◆ EXERCISE AIM ◆
Keep only the lines from the top of the listing through the one with "- Take out the", and reproduce them unaltered.
# # #
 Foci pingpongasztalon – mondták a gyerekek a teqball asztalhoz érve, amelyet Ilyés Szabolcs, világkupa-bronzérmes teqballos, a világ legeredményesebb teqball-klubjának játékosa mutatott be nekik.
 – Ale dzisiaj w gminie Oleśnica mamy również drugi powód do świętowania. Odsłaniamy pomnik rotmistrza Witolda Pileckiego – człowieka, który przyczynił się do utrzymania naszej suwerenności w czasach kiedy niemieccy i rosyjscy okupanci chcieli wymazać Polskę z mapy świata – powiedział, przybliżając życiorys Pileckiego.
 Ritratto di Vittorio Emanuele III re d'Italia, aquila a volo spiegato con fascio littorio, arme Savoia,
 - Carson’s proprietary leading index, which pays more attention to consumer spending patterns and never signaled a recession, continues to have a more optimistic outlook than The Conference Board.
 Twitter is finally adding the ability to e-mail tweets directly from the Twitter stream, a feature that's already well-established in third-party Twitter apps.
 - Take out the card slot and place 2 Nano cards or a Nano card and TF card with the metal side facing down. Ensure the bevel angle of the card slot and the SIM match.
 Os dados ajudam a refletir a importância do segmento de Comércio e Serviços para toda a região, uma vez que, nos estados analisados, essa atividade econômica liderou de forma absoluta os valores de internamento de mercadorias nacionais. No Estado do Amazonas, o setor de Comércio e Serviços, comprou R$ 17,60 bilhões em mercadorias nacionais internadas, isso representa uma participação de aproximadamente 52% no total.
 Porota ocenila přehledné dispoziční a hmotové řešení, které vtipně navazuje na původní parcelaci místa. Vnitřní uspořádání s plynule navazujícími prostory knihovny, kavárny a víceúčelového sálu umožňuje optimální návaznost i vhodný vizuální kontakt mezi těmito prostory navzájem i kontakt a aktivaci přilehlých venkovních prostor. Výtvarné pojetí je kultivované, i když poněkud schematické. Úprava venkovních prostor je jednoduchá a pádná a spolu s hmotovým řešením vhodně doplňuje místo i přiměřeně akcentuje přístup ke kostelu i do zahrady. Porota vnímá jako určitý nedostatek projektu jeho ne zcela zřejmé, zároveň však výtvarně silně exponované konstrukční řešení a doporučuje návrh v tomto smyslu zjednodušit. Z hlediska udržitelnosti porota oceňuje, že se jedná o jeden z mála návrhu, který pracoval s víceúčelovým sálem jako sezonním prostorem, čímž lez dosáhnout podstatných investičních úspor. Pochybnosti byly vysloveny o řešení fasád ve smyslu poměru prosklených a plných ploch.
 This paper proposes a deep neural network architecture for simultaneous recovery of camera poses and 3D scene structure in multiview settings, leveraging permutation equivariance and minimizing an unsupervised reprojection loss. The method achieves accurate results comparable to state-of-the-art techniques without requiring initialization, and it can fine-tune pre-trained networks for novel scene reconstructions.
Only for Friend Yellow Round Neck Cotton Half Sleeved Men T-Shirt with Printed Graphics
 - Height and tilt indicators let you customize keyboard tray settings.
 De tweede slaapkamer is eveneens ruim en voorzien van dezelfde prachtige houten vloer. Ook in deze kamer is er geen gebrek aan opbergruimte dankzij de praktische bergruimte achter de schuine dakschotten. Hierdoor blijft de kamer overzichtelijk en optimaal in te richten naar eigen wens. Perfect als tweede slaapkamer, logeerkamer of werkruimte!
# # #
◆ ANSWER BOX ◆
 Foci pingpongasztalon – mondták a gyerekek a teqball asztalhoz érve, amelyet Ilyés Szabolcs, világkupa-bronzérmes teqballos, a világ legeredményesebb teqball-klubjának játékosa mutatott be nekik.
 – Ale dzisiaj w gminie Oleśnica mamy również drugi powód do świętowania. Odsłaniamy pomnik rotmistrza Witolda Pileckiego – człowieka, który przyczynił się do utrzymania naszej suwerenności w czasach kiedy niemieccy i rosyjscy okupanci chcieli wymazać Polskę z mapy świata – powiedział, przybliżając życiorys Pileckiego.
 Ritratto di Vittorio Emanuele III re d'Italia, aquila a volo spiegato con fascio littorio, arme Savoia,
 - Carson’s proprietary leading index, which pays more attention to consumer spending patterns and never signaled a recession, continues to have a more optimistic outlook than The Conference Board.
 Twitter is finally adding the ability to e-mail tweets directly from the Twitter stream, a feature that's already well-established in third-party Twitter apps.
 - Take out the card slot and place 2 Nano cards or a Nano card and TF card with the metal side facing down. Ensure the bevel angle of the card slot and the SIM match.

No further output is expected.